> **RAW DATA**:

--- START ---

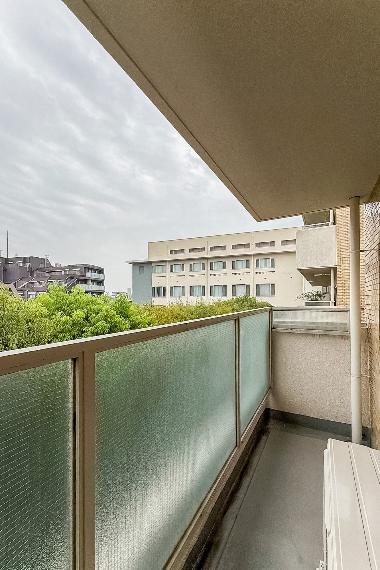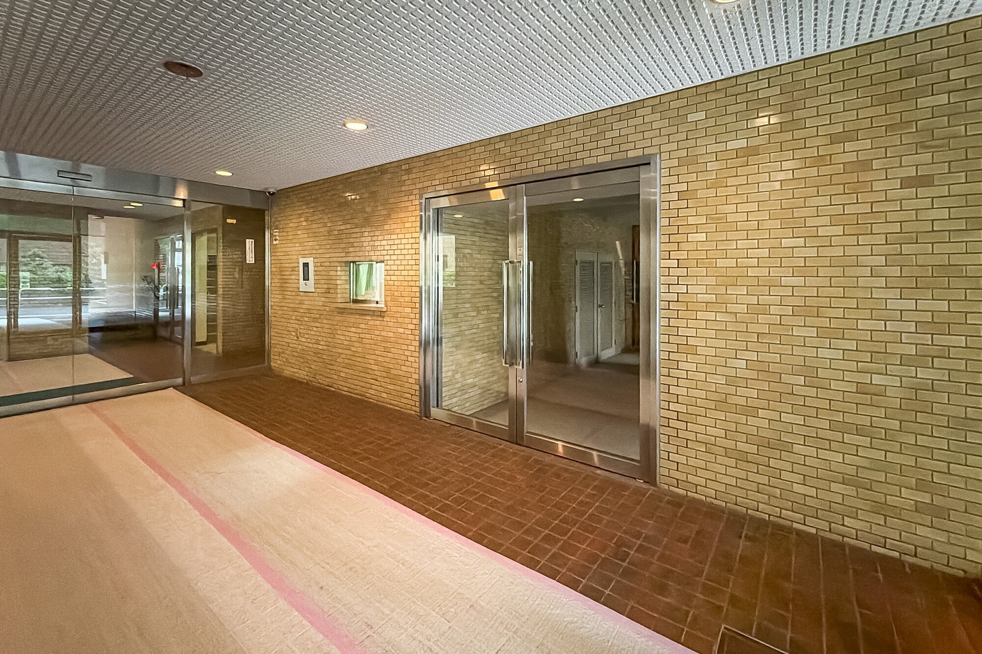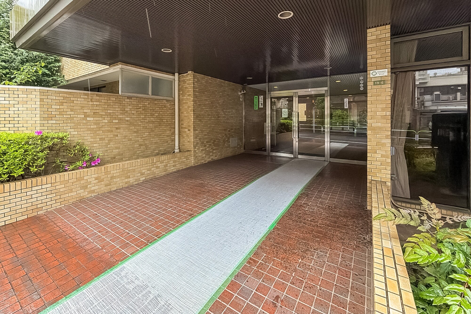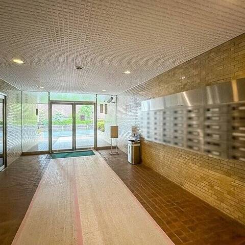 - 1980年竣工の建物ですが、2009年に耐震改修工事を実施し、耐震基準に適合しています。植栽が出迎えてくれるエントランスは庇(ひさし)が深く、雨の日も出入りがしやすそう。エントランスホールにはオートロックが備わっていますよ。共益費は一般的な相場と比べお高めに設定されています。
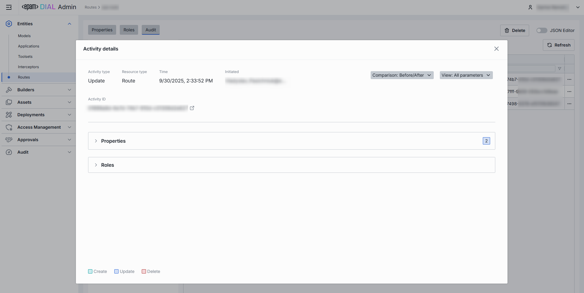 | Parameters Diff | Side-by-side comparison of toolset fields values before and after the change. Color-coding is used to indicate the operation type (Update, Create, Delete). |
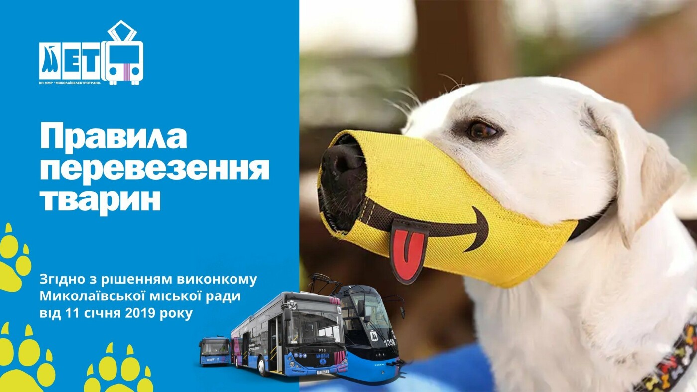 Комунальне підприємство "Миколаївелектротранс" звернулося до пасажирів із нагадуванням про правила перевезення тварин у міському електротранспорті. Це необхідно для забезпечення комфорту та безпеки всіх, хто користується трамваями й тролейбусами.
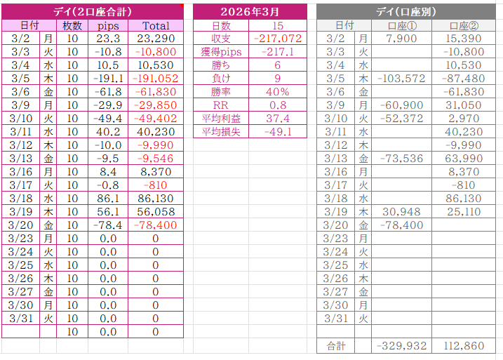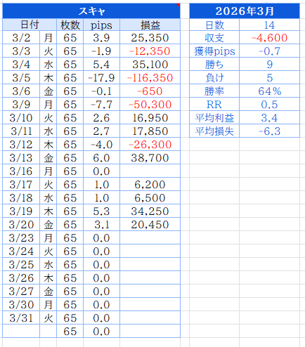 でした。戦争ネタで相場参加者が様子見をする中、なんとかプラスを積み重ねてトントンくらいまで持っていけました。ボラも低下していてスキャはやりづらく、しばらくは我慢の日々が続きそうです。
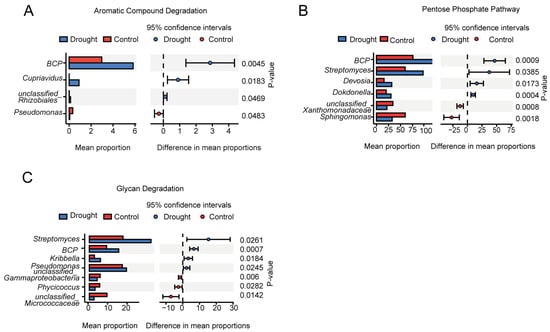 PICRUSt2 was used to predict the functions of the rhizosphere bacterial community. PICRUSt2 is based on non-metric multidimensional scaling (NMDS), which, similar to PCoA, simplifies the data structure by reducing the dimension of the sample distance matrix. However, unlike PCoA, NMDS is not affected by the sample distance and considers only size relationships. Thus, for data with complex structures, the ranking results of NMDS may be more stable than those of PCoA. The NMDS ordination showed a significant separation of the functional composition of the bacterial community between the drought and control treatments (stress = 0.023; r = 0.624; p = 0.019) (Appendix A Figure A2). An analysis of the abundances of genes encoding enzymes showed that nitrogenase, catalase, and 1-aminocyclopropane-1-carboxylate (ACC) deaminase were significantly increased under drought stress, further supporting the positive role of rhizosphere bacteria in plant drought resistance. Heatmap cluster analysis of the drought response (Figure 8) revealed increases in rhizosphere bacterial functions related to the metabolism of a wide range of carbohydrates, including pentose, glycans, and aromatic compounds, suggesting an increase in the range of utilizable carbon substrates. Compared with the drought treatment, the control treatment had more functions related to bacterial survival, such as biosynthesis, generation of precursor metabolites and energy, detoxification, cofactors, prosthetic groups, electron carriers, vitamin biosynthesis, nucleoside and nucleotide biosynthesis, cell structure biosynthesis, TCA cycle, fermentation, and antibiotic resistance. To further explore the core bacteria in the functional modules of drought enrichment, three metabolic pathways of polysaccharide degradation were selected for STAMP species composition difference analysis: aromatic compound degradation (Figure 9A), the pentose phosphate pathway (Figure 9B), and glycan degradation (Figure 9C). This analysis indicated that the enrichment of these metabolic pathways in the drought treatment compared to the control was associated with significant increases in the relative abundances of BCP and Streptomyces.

--- END ---
--- START ---

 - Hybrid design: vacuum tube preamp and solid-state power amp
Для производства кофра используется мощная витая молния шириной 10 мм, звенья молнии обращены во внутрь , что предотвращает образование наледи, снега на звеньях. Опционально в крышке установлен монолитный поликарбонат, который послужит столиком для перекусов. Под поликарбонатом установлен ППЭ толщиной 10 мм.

--- END ---
--- START ---

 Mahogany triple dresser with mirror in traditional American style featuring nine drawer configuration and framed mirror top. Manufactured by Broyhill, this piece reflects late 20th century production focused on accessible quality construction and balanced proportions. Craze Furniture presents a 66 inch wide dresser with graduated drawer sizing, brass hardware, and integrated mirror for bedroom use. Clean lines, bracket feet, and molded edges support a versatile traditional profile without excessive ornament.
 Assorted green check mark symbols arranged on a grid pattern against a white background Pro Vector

--- END ---

> **REQUIREMENT**: In the material above, one part opens with the line containing "- 1980年竣工の建物です" and closes with the line containing "трамваями й тролейбусами.". Write out that part exactly and skip its pictures.

> **THE ANSWER**:
 - 1980年竣工の建物ですが、2009年に耐震改修工事を実施し、耐震基準に適合しています。植栽が出迎えてくれるエントランスは庇(ひさし)が深く、雨の日も出入りがしやすそう。エントランスホールにはオートロックが備わっていますよ。共益費は一般的な相場と比べお高めに設定されています。
 | Parameters Diff | Side-by-side comparison of toolset fields values before and after the change. Color-coding is used to indicate the operation type (Update, Create, Delete). |
 Комунальне підприємство "Миколаївелектротранс" звернулося до пасажирів із нагадуванням про правила перевезення тварин у міському електротранспорті. Це необхідно для забезпечення комфорту та безпеки всіх, хто користується трамваями й тролейбусами.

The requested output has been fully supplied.